Separating the profile filter from the base value rule keeps the research honest. If the filter is blended into the main strategy too early, it becomes hard to know whether improvement came from better auction selection or from removing uncomfortable historical cases. By presenting it as its own research layer, the platform can track whether profile shape truly adds information or merely describes trades that already looked attractive.
The separation also helps users understand the difference between an entry concept and a quality filter. A filter can improve selectivity while reducing opportunity count. That trade-off matters. A high profit factor on a small sample may be promising, but it also means the system must wait longer to collect enough forward cases. The page therefore frames the filter as an enhancer of context, not a replacement for the underlying auction thesis.
This is especially relevant for EURUSD, where session shape can be distorted by macro releases, central-bank commentary, and liquidity handoff between London and New York. A profile label that appears useful during one session may carry less meaning in another. The filter's future value depends on whether that nuance can be captured repeatedly without turning the research into overfitted hindsight.
The visual profile also helps make the system easier to audit. If a rule says a candidate was skipped because the shape was not supportive, the operator should be able to inspect the day and understand the broad reason. That does not require publishing the internal classifier. It requires a public explanation that profile shape is a quality layer, not a hidden magic switch.

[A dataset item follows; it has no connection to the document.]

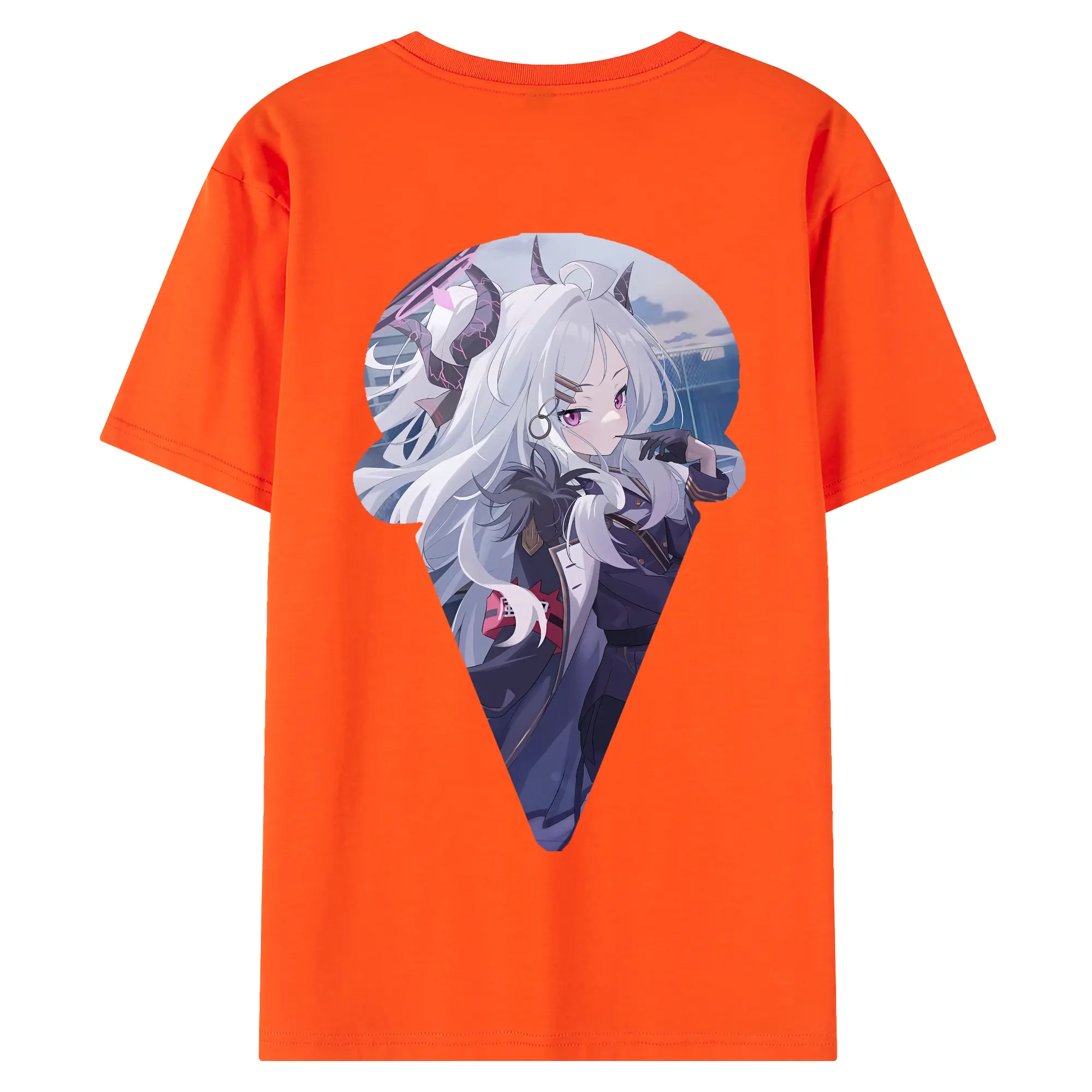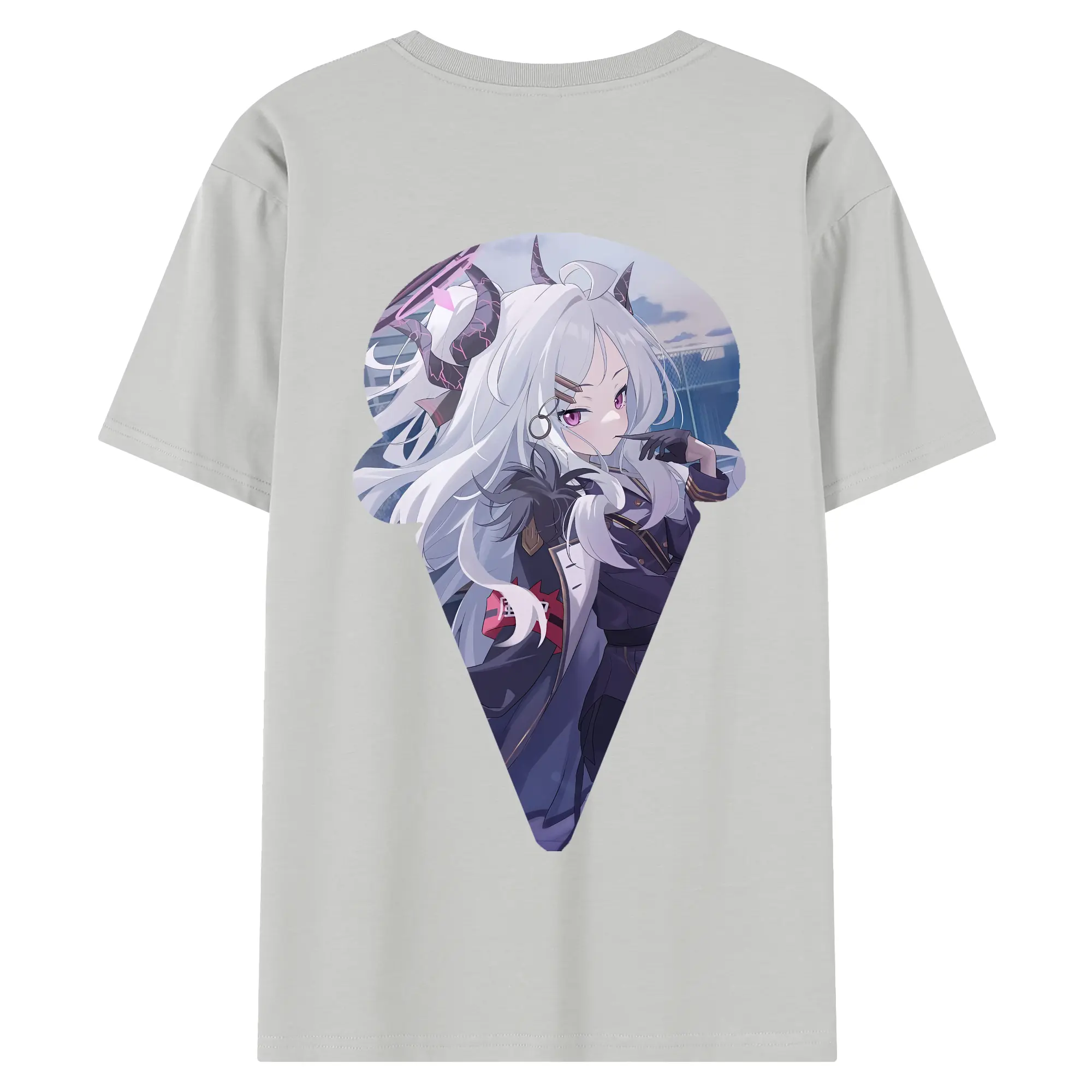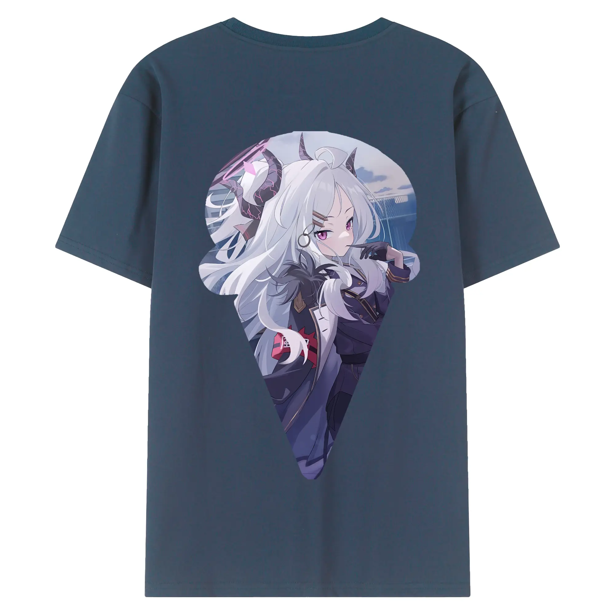 ブルーアーカイブ グッズ 空崎ヒナ - 綿100% ヴィンテージ風 半袖Tシャツ ・ 背面プリント ・ 柔らか肌触り ・ 通気性 快適 ・ スポーツ カジュアル 外出用

Good filters are uncomfortable because they remove trades that sometimes would have won. That is normal. The question is whether the removed set improves the long-run distribution after costs, time, and drawdown are considered. The profile filter page keeps that trade-off visible so users do not mistake fewer trades for automatically better trades.
The research also protects against vocabulary drift. Profile shape is an AMT concept tied to how volume and time build value. It is not a generic label for any attractive candle sequence. By keeping the page anchored to VAH, POC, VAL, distribution shape, and acceptance, the platform preserves the language that actually belongs to this methodology.
A second benefit is review quality. When a future forward sample is reviewed, the team can separate the base value re-entry question from the profile-shape question. Did the re-entry idea fail, or did the shape filter select the wrong context? Did the filter remove too many valid campaigns, or did it correctly avoid low-quality ones? Those are different questions, and separating them makes the research easier to improve without changing the trading engine.
The public version also helps users understand why no profile label is enough by itself. A p-shape, b-shape, balanced shape, or mixed profile only matters when it is connected to location and acceptance. The filter is valuable only if it improves the quality of an already defined AMT setup.
That is why the page presents the filter as a research layer with its own status, sample size, and limitations instead of hiding it inside a broader performance claim.
In practice, that keeps the research understandable for serious users: first define the value-area idea, then ask whether the developing profile supports the campaign, then review the outcome without rewriting the rule after the fact.